Civil partnerships in Scotland
On 5 August, the Scottish Government published Review of Civil Partnership in Scotland – Analysis of Consultation Responses, prepared on its behalf by APS Group Scotland. A total of 411 responses was received, over 90 per cent of them from individual members of the public. On the burning question of the introduction of opposite-sex civil partnership, the analysis reports that 360 respondents commented – but it doesn’t tell us which was the majority view.
A British Bill of Rights: is it the long goodbye?
Politics Home reports that “Whitehall sources” have told The Times (£) that the proposal for a “British Bill of Rights” could yet be scrapped and that Theresa May has asked Justice Secretary Liz Truss to rethink the plan. Reportedly, the Prime Minister was apparently unhappy with some of its proposals, especially a concession that the UK would remain a signatory of the ECHR. The anonymous informants are quoted as saying that “The work had been done bringing on side most of the critics in Parliament and it was clear that there were the votes there to get it through” and “The bill is ready but my hunch is that she might junk it. I think the priority for the Justice Department will be prison reform and she won’t want another fight with the Scottish Government … I just don’t think the will is there to drive it through.”
Mrs May had already said at the start of her leadership campaign that she would not pursue her preference for withdrawal from the ECHR because she did not believe that there was a Commons majority for doing so. So maybe the report simply helps to confirm what we thought we already knew. Confusingly, however, The Times also reports that “The Justice Ministry said that a consultation would be published”; and on 21 July (as we noted at the time), Hansard reported the Solicitor General, Sir Oliver Heald, as telling Harriet Harman that “We will set out our proposals for a Bill of Rights in due course. We will consult fully on our proposals.” So where that leaves things we do not know.
Hyperactive charity trustees?
“‘Interfering chairs’ are overstepping boundaries as they try to improve governance post-Kids Company”, reports Civil Society, based on an interview with Paul Farmer, Chair of the Association of Chief Executives of Voluntary Organisations (Acevo). Farmer is also CEO of Mind, so he can see the issue from both sides; he is quoted as saying that the Charity Commission
“has sent a very strong message that trustees have a fundamentally important role to play – which is very accurate and absolutely spot-on … But that has led to boards and chairs feeling concerned that they don’t know enough about what the organisation is doing and sometimes as though they might need to take a greater degree of control.”
The result, he said, is a “risk that the areas of responsibility and the relationship between the chair and chief executive becomes a bit unclear.”
We can see where he is coming from and we would hope that unnecessary tensions could be avoided.
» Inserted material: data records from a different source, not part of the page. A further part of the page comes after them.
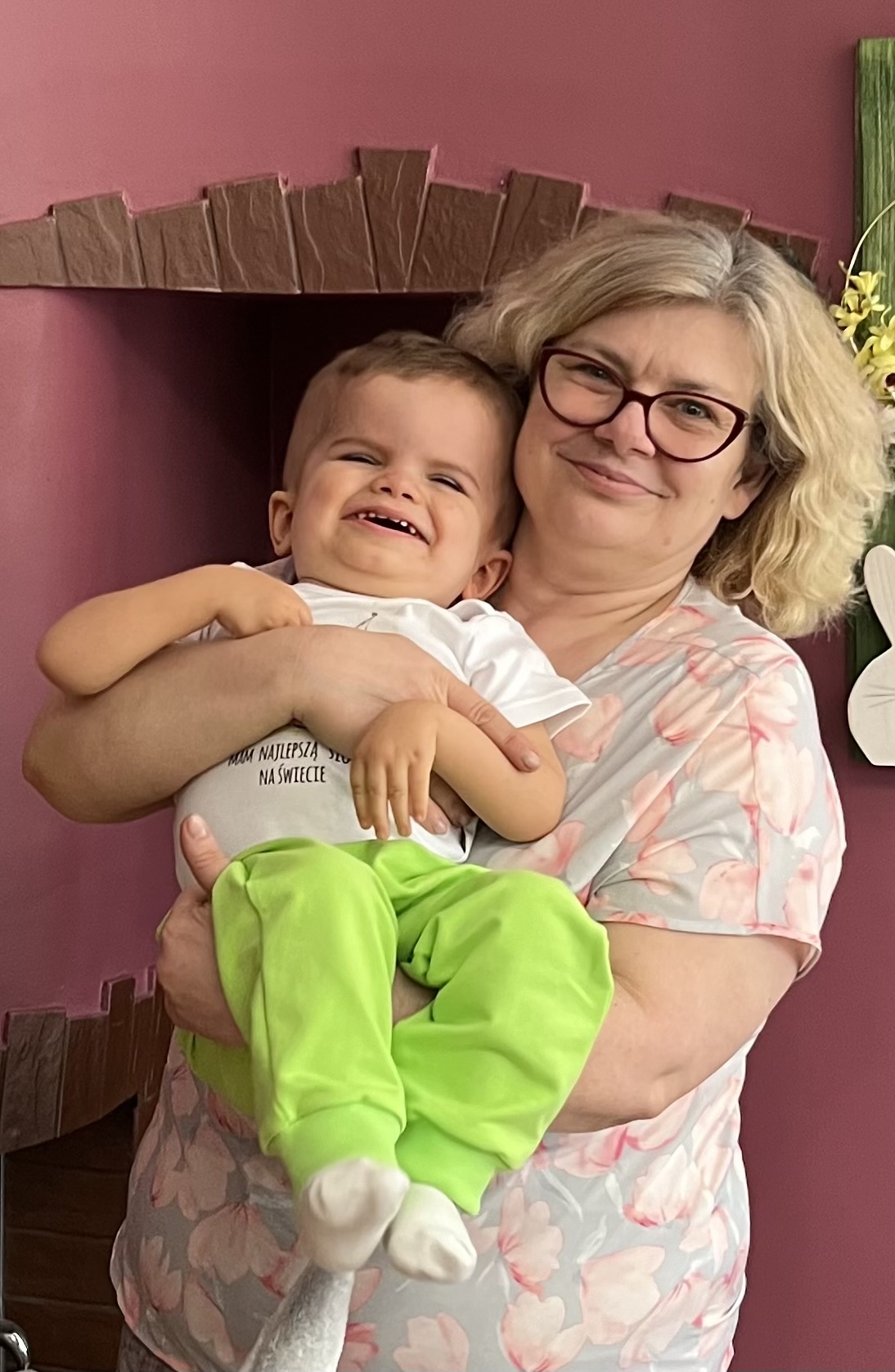Michaś ładnie się uśmiecha, ale nie wiemy ile rozumie, bo niestety nie komunikuje się. Ma sterdzone głębokie upośledzenie psychoruchowe... Ale mamy ciągle nadzieję, że dzięki intensywnej rehabilitacji jego rozwój ruszy do przodu, co zapewni mu pewną samodzielność.
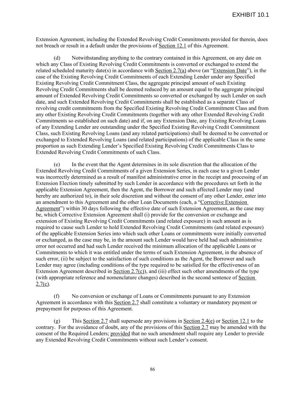Extension Agreement, including the Extended Revolving Credit Commitments provided for therein, does not breach or result in a default under the provisions of Section 12.1 of this Agreement. (d) Notwithstanding anything to the contrary contained in this Agreement, on any date on which any Class of Existing Revolving Credit Commitments is converted or exchanged to extend the related scheduled maturity date(s) in accordance with Section 2.7(a) above (an “Extension Date”), in the case of the Existing Revolving Credit Commitments of each Extending Lender under any Specified Existing Revolving Credit Commitment Class, the aggregate principal amount of such Existing Revolving Credit Commitments shall be deemed reduced by an amount equal to the aggregate principal amount of Extended Revolving Credit Commitments so converted or exchanged by such Lender on such date, and such Extended Revolving Credit Commitments shall be established as a separate Class of revolving credit commitments from the Specified Existing Revolving Credit Commitment Class and from any other Existing Revolving Credit Commitments (together with any other Extended Revolving Credit Commitments so established on such date) and if, on any Extension Date, any Existing Revolving Loans of any Extending Lender are outstanding under the Specified Existing Revolving Credit Commitment Class, such Existing Revolving Loans (and any related participations) shall be deemed to be converted or exchanged to Extended Revolving Loans (and related participations) of the applicable Class in the same proportion as such Extending Lender’s Specified Existing Revolving Credit Commitments Class to Extended Revolving Credit Commitments of such Class. (e) In the event that the Agent determines in its sole discretion that the allocation of the Extended Revolving Credit Commitments of a given Extension Series, in each case to a given Lender was incorrectly determined as a result of manifest administrative error in the receipt and processing of an Extension Election timely submitted by such Lender in accordance with the procedures set forth in the applicable Extension Agreement, then the Agent, the Borrower and such affected Lender may (and hereby are authorized to), in their sole discretion and without the consent of any other Lender, enter into an amendment to this Agreement and the other Loan Documents (each, a “Corrective Extension Agreement”) within 30 days following the effective date of such Extension Agreement, as the case may be, which Corrective Extension Agreement shall (i) provide for the conversion or exchange and extension of Existing Revolving Credit Commitments (and related exposure) in such amount as is required to cause such Lender to hold Extended Revolving Credit Commitments (and related exposure) of the applicable Extension Series into which such other Loans or commitments were initially converted or exchanged, as the case may be, in the amount such Lender would have held had such administrative error not occurred and had such Lender received the minimum allocation of the applicable Loans or Commitments to which it was entitled under the terms of such Extension Agreement, in the absence of such error, (ii) be subject to the satisfaction of such conditions as the Agent, the Borrower and such Lender may agree (including conditions of the type required to be satisfied for the effectiveness of an Extension Agreement described in Section 2.7(c)), and (iii) effect such other amendments of the type (with appropriate reference and nomenclature changes) described in the second sentence of Section 2.7(c). (f) No conversion or exchange of Loans or Commitments pursuant to any Extension Agreement in accordance with this Section 2.7 shall constitute a voluntary or mandatory payment or prepayment for purposes of this Agreement. (g) This Section 2.7 shall supersede any provisions in Section 2.4(e) or Section 12.1 to the contrary. For the avoidance of doubt, any of the provisions of this Section 2.7 may be amended with the consent of the Required Lenders; provided that no such amendment shall require any Lender to provide any Extended Revolving Credit Commitments without such Lender’s consent. 86 EXHIBIT 10.1
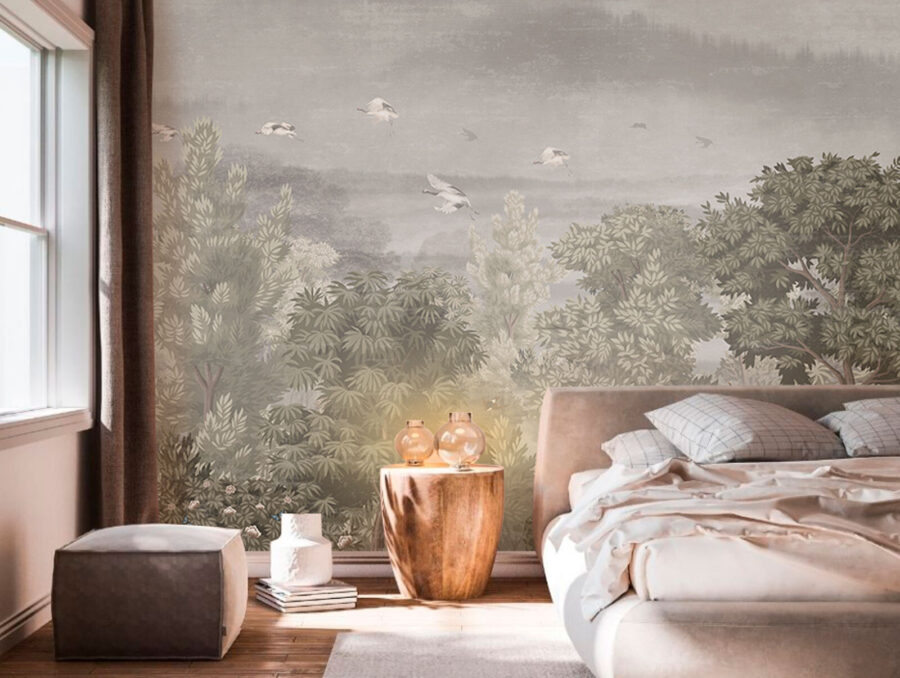 Képzelje el a következőt: belép egy szobába, és bumm! Ott van a magasban repülő madarakat ábrázoló freskó, amelyet buja zöld növényzet vesz körül. Olyan, mintha a saját titkos kertedbe lépnél. Érzi már a nyugalmat? Most képzelje el, ahogy a lágy szellő minden egyes alkalommal, amikor ránéz, végigzizeg a leveleken. Ez több mint dekoráció – ez egy mini menekülés a mindennapok elől.

Rather than unwarranted interference, however, the problem is often that the trustees simply regard their positions as honorific and barely engage with the legal and compliance side of running of their charity at all. If things go wrong in a charity, it’s ultimately the trustees that carry the can, not the CEO or the charity’s paid staff – which is why, in our view, trustees need to be vigilant. Better overactive than disengaged.
More on Latin
Last week the Scottish Parliamentary Counsel Office published its drafting guidelines, Drafting Matters!. It provides a lot of very sensible advice, not only on legislative drafting style but on legal writing generally; but the reason for noting it here is that one of the issues it addresses is the use of Latin in drafting bills:
Use Latin words only where there is no suitable translation or another good reason for preferring them. To note: terms such as ‘ex proprio motu’ and ‘ex officio’ are to be avoided (since the ready alternatives ‘of its own accord’ and ‘by reason of holding the office’ are more easily understood by the ordinary reader). Examples of acceptable Latin are:
– terms of art (for example, nobile officium, solatium, per stirpes, pro loco et tempore, curator ad litem)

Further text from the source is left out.